Yani bu sadece teknoloji meselesi değil, eğitim felsefesi meselesi de…
-Kesinlikle! Bayraktar’ın başarıları, Türkiye’nin kendi bilim ve teknoloji ekosistemini kurabileceğine dair bir güven aşılıyor. Eğer eğitim sistemine yerleştirirsek, öğrenciler artık “yabancı teknolojiyi öğrenmeliyim” demeyecek; “kendi teknolojimizi üretebiliriz” bilinciyle hareket edecek. Bu, bir medeniyetin genç nesline özgüven ve üretkenlik aşılamanın temel yolu. Ayrıca, Bayraktar’ın projeleri sadece mühendislik değil, yazılım, yapay zekâ, havacılık, elektronik gibi farklı disiplinleri bir araya getiriyor. Bu da bize şunu söylüyor: Eğitim artık katı disiplin sınırlarına sıkışmamalı, öğrenciler farklı alanları birleştirip karmaşık problemleri çözebilen esnek zihinler olarak yetiştirilmeli.

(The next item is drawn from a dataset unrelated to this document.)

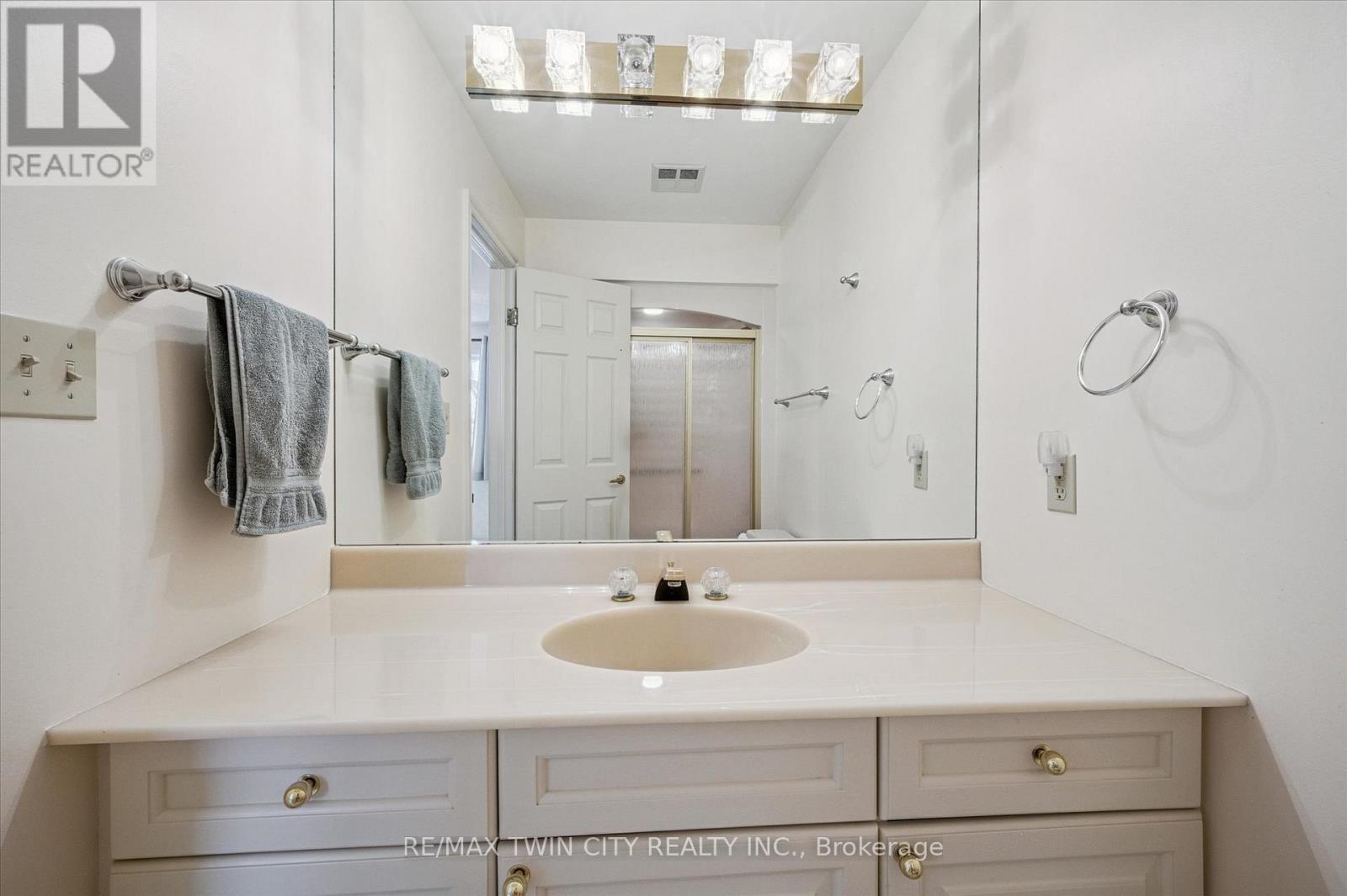 Custom-built executive condominium townhome in prestigious Westmount is one of just 8 units in the complex. It offers over 2600 sq.ft. plus a finished basement, a large 2-car garage, and interlock brick driveway. Ideal location with quick access to Belmont Village, Uptown Waterloo, and the Iron Horse Trail. This end unit, former builder's home, features a welcoming and spacious tiled foyer with sweeping staircase, updated hardwood flooring through the formal living room, dining room, and family room with gas fireplace. The updated kitchen has Brazilian granite counters, built-in appliances, a large island, and walkout to a private deck and landscaped yard. Upstairs you will find three generous bedrooms, including primary suite with walk-in closet and updated spa-like 5-pc ensuite that features a soaker tub, glass shower, and double vanity. Recent updates include newer roof (2017) and new windows throughout (2024). The finished lower level features a large rec room with wood-burning fireplace, 2-pc bath, workshop, and lots of storage. (id:4555)

Peki hocam, bütün bu vizyonun eğitim sisteminde hayata geçmesi için neler yapılmalı?
-Bence üç temel adım var:
Üretim odaklı eğitim: Dersleri, sadece bilgi yüklemek yerine, proje ve uygulama odaklı hâle getirmek gerekiyor. TEKNOFEST bunu gösterdi: Öğrenci ders notlarını bırakıp gerçek dünya problemleri ile yüzleştiğinde öğrenme kalıcı ve motive edici oluyor.
Milli bilim ve teknoloji ruhunu kazandırmak: Öğrenciler, kendi tarihinden, kendi kültüründen ilham alarak bilime ve teknolojiye katkıda bulunmalı. Bu, özgüven ve aidiyet duygusunun köklerini oluşturur.

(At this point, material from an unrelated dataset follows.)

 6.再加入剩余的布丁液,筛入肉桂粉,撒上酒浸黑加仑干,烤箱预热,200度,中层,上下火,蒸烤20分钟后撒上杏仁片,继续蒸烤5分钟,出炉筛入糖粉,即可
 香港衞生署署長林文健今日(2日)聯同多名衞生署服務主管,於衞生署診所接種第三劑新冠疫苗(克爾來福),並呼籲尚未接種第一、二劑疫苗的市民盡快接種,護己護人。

Disiplinler arası yaklaşımı teşvik etmek: Eğitim sistemini farklı alanları birleştiren, esnek ve yaratıcı bir yapı hâline getirmek gerekiyor. Böylece öğrenciler karmaşık problemleri çözebilen, inovatif düşünen bireyler olarak yetişebilir.
Yani asıl anahtar kelimeler üretmek ve özgüven diyorsunuz…
-Evet! Eğitim, artık başkalarının kalıplarını taklit etmekten çıkarılıp, kendi kültürel ve bilimsel birikimimizden beslenen, problemlere kendi çözümlerini üreten bir sistem hâline gelmeli. Bu bir zihinsel devrim gerektiriyor: öğretmenler ve öğrenciler, kendi yeteneklerini sahaya taşıyacak cesarete ve vizyona sahip olmalı. Bayraktar ve TEKNOFEST, işte bunu gösteriyor: gençler artık pasif öğrenen değil, üreten, tasarlayan ve kendi teknolojisine sahip çıkan bireyler hâline geliyor. Eğitim sistemi bunu desteklerse, Türkiye’nin geleceği için gerçek bir devrim gerçekleşmiş olacak.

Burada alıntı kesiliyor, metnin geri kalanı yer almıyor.